Regarding the insulating layer 8 provided on the rear substrate,
This is preferable because the cathode and the first and second auxiliary electrodes formed thereon can be formed accurately without bleeding, but the insulating layer may be omitted and the cathode and auxiliary electrodes may be formed directly.

Regarding the driving method, it is preferable to drive the address period and the sustain period separately so that the writing can be performed with a low voltage and with high reliability, and the voltage margin of the sustain pulse can be increased. The address period and the sustain period that are conventionally known are not separated,
It is of course possible to drive by a method of performing sustain discharge after writing discharge.

[0032]

According to the gas discharge panel of the present invention, the margin of the sustain voltage can be increased and the luminous efficiency can be improved. Further, when the address period and the sustain period are separately driven, the voltage is low. Writing can be performed with high reliability, erroneous discharge due to sustain pulses can be eliminated, and the voltage margin of sustain pulses can be increased.
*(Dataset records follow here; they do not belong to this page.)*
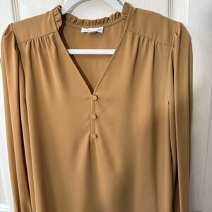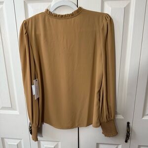Calvin Klein Tan Carmel Long Sleeve Vneck Blouse Women’s Size XS NWT
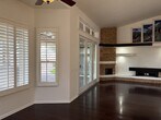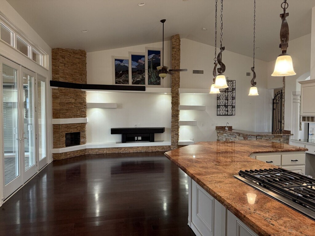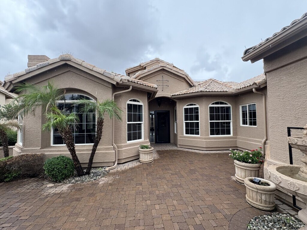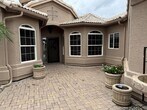 Custom Home in 55+ Cambria at Pebble Creek a luxury resort community. 3 bedrooms,3bath, den/office. Discover refined living in this beautifully upgraded home featuring a gated front courtyard with a tranquil water fountain and owned SOLAR. Step inside to an elegant foyer with stunning marble floors that flow into custom wood accents throughout. The newly remodeled kitchen boasts a spacious island, granite countertops, and ample cabinetry—perfect for entertaining. Lots of Natural lighting, sunken wet bar. Enjoy the resort-style backyard complete with an outdoor gas fireplace, built-in bench seating, and a private spa for ultimate relaxation. Abundance of social & Rec Opportunities. Your Dream home Awaits!
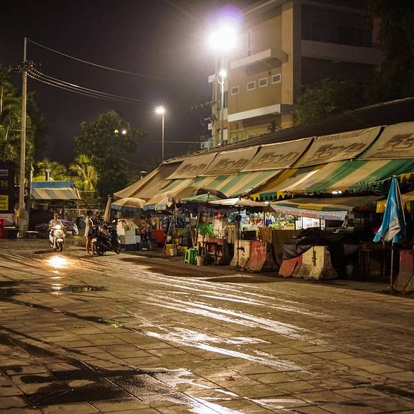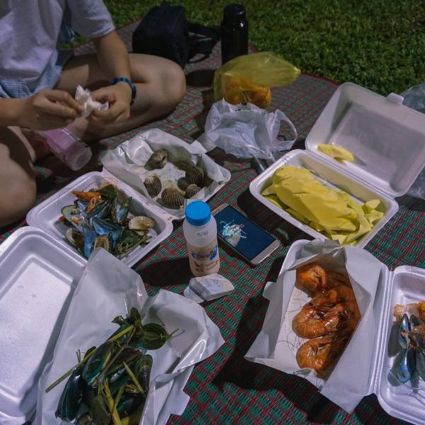 虽然爸妈特别叮嘱在 芭提雅 不可以在外面待到太晚,我们两个还是兴高采烈地坐上了北段的双条车,跑到了他们当地人的【海鲜市场】。明明两个人都不懂海鲜的价钱,不懂得怎么挑选好的海鲜,也不知道什么应该烤什么应该蒸,不过大概也是因为这样,在公园铺开地垫一边喝饮料一边吃的时候,才会觉得特别满足开心。 在谷歌地图上搜“ 芭提雅 海鲜市场”,坐上北段的双条车,就会来到这个不太大的市场。这边的海鲜都是居民们当天早上捞的,卖到晚上七点左右收摊,如果早一些来也许能吃到更新鲜的。市场里就有现场加工的摊子,也有卖一小包一小包的调味料。更棒的是!市场的旁边就是一个绿地公园,公园里更是有专门出租野餐垫的小店,只要20铢就可以和朋友们坐在一起,一边吹风一边吃新鲜的海鲜,这样的夜晚实在是太开心了!虽然我们不太懂价钱,可是买了虾、青口和一个贝类的不知道是啥,再加上60铢的加工费,最后也不过花了100人民币左右。而且这样现买现做出来的海鲜真的好吃!即使我们忘记买调料包了,味道有些淡,但是还是吃的出来它们的鲜甜。黄色的一大盒就是 泰国 的青芒。口感居然是脆的!让我们有点不习惯。芒果肉本身没什么甜味,但是在嘴里咬开时,就会散发出清爽的芒果香。它吃起来还蛮特别的!但我选软软的黄色芒果~
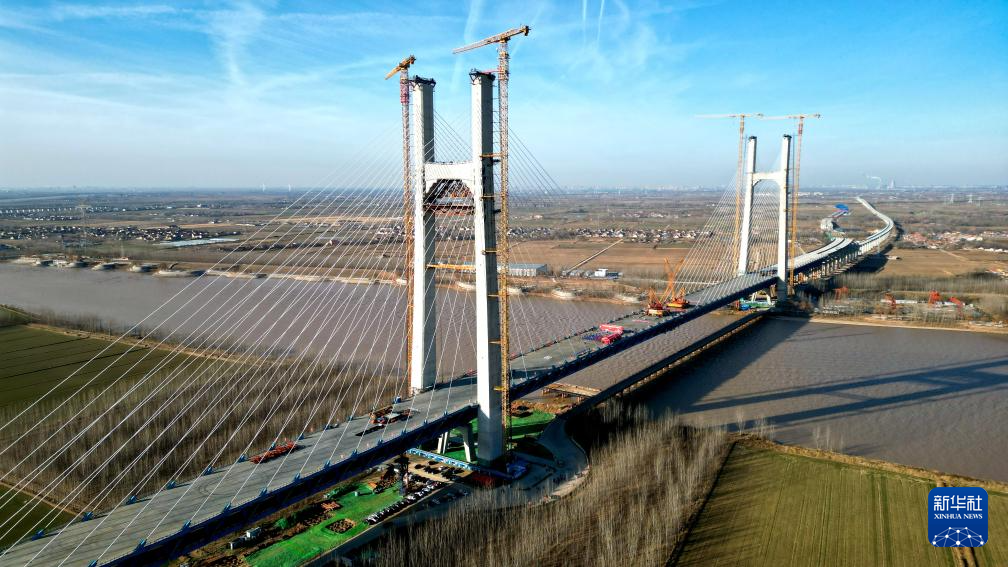 12月31日,津潍高铁东营黄河公铁大桥顺利合龙,为后续铺轨通车奠定基础。据了解,该桥是津潍高铁全线的重点控制性工程,全长2230.4米,由主桥、副桥和引桥三部分组成,下层为双线高速铁路,上层为双向六车道一级公路。津潍高铁是国家“八纵八横”高铁网中京沪通道和沿海通道的重要组成部分,也是京津冀协同发展、连接山东半岛和长三角地区的重要交通干线。新华社发(周广学摄)
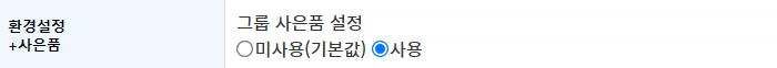 ① 사은품을 제공조건이 중복되는 상황에서 두가지 설정값 모두 중복불가에 미체크 합니다.
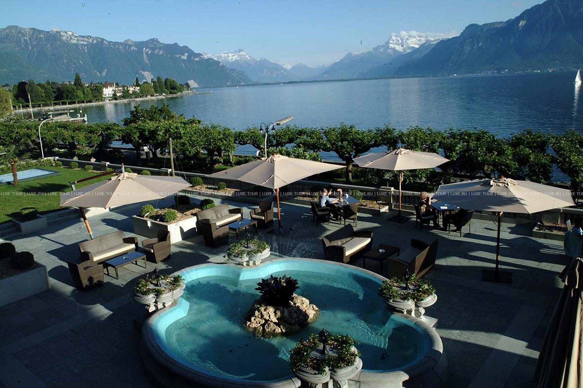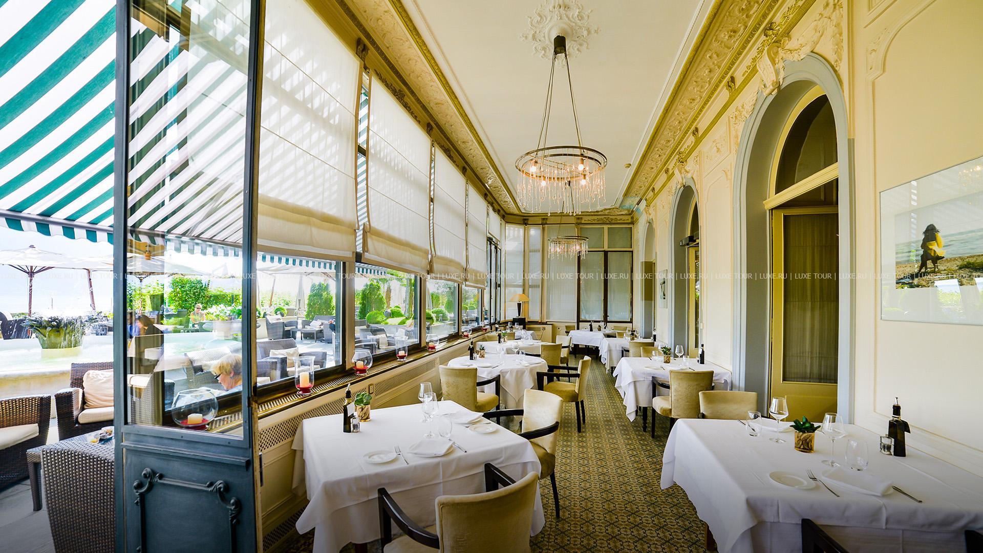 - В романтической обстановке элегантного ресторана, оформленного в стиле эпохи Людовика XV, и на панорамной террасе с видом на Женевское озеро и Альпы, гостей ждут тонкие блюда французской и местной кухни.
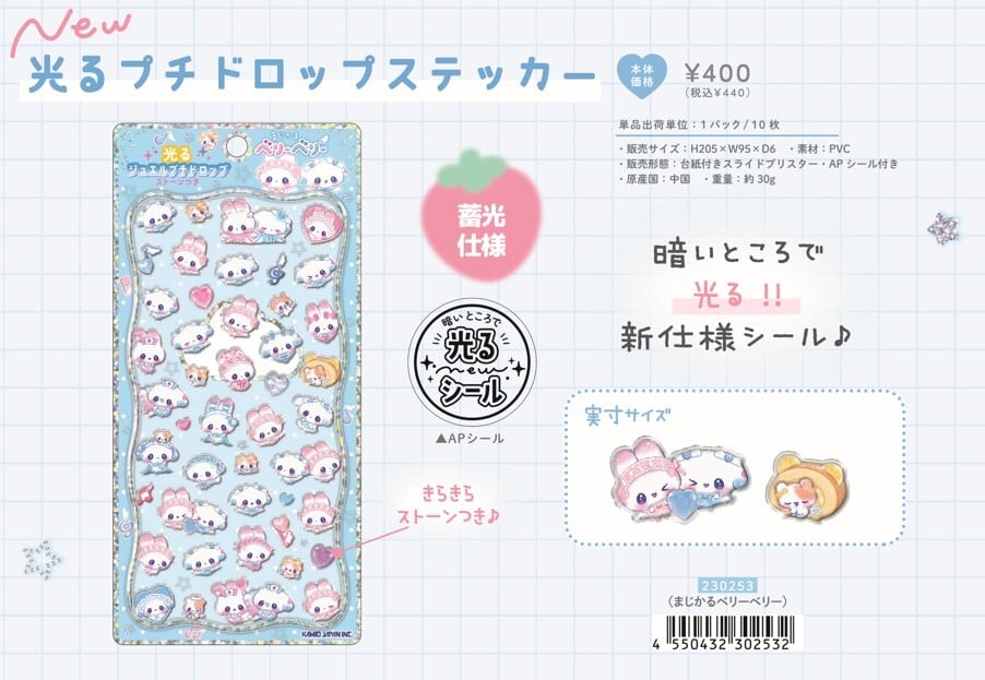 まじかるベリーベリー 光るプチドロップステッカー kmo_230253 ジュエルプチドロップ シール ステッカー seal sticker カミオジャパン 光るシール かわいいシール おすすめシール デコレーションシール
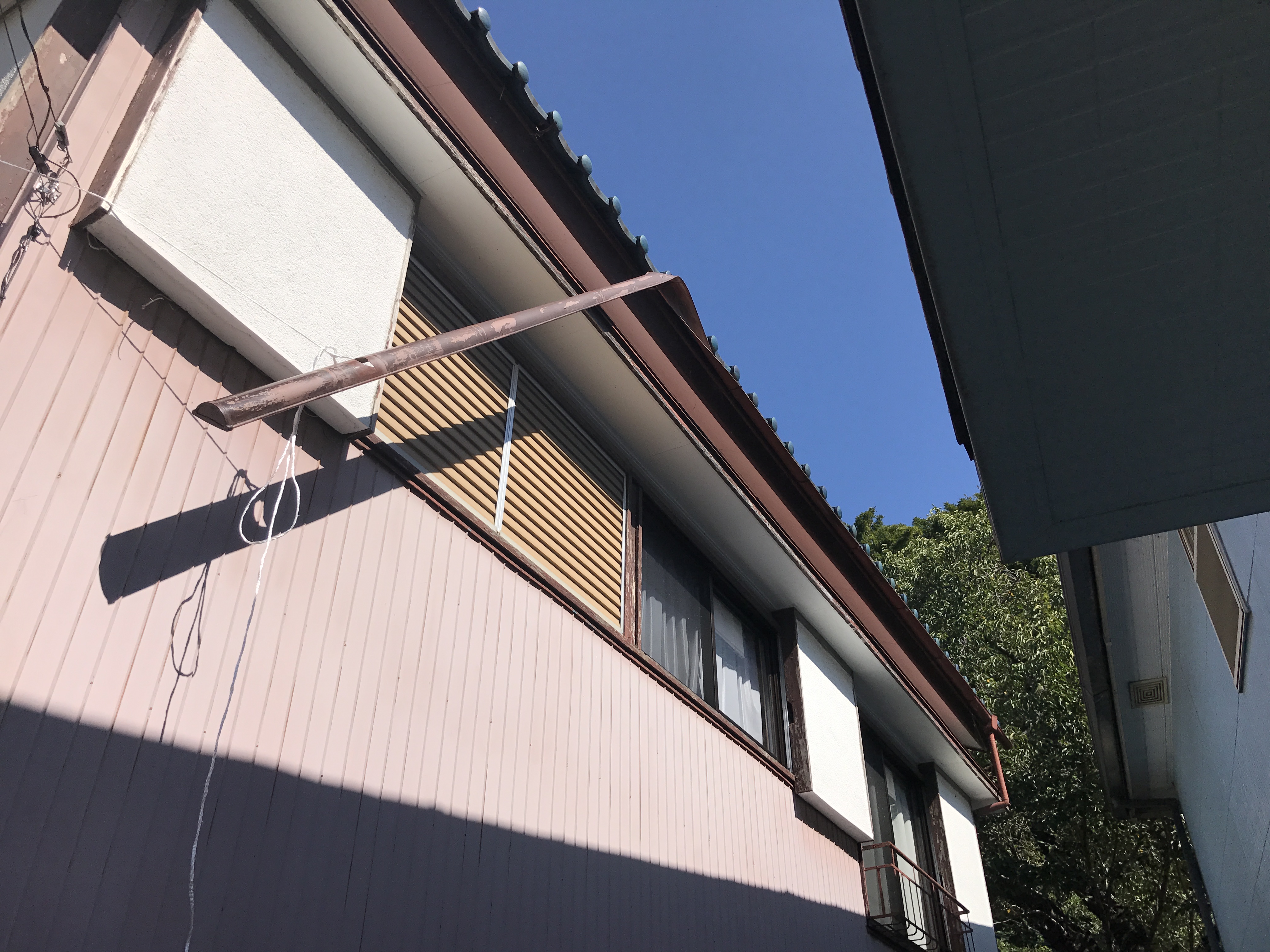 雨樋工事の理由:台風の影響で軒樋が取れてしまった。
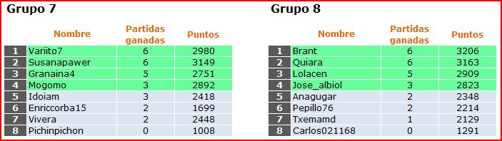 Deja un comentarioEn está página se irán publicando los resultados de las diferentes partidas, siendo el vencedor el encargado de hacerlo, insertando un COMENTARIO en la parte inferior de la pantalla (opción «Deja tu comentario«), indicando el nombre de los dos jugadores y los puntos obtenidos en la partida.

[Brief description of drawings]

FIG. 1 is a partially cutaway perspective view of a gas discharge panel according to a first embodiment of the present invention.

FIG. 2 is a partial cross-sectional view of the gas discharge panel according to the first embodiment of the present invention.

FIG. 3 is a time chart showing a driving method of the gas discharge panel according to the first embodiment of the present invention.

FIG. 4 is a partially cutaway perspective view of a gas discharge panel according to a second embodiment of the present invention.

FIG. 5 is a partial cross-sectional view of a gas discharge panel according to a second embodiment of the present invention.

[Explanation of symbols]

 1 Front Substrate 2 Electrode 3 Resistance Wire 4 Anode 5, 6 Translucent Insulating Layer 7 Rear Substrate 8, 12, 13 Insulating Layer 9 Cathode 10 First Auxiliary Electrode 11 Second Auxiliary Electrode 14 Partition 15 Space 16 Gas Discharge panel

 ─────────────────────────────────────────────────── ─── Continuation of the front page (72) Inventor Noboru Hiraiwa 1510 Oguchi-cho, Matsusaka-shi, Mie Central Glass Stock Company Technical Center

Claims (3)

[Claims] 1. A front substrate is provided with a plurality of strip electrodes arranged in parallel and an anode branched from the electrodes via a resistance wire for each cell, and further, the strip electrodes and the resistance wire are provided. An insulating layer for hiding at least, and a strip-shaped cathode and a strip-shaped first auxiliary electrode and a second auxiliary electrode are provided on the back substrate either directly or via an insulating layer so as to be three-dimensionally orthogonal to the electrodes, Covering the first auxiliary electrode with at least an insulating layer,
A gas discharge panel having a memory function, characterized in that a partition wall for separating each cell is provided, and an exposed portion of the electrode and a cathode are provided on opposite sides in each cell. 2. A front substrate is provided with a plurality of strip-shaped electrodes in parallel, a transparent insulating layer is provided on the electrodes so that a part of the electrodes is exposed, and a rear substrate is provided with a direct or insulating layer. A band-shaped cathode, a band-shaped first auxiliary electrode, and a band-shaped first auxiliary electrode are provided so as to be three-dimensionally orthogonal to the electrodes, the first auxiliary electrode is covered with at least an insulating layer, and each cell is separated. A gas discharge panel having a memory function, wherein a partition is provided and an exposed portion of the electrode and a cathode are provided on opposite sides in each cell. 3. A method for driving a gas discharge panel, wherein the gas discharge panel according to claim 1 or 2 is driven separately in a writing period and a sustaining period.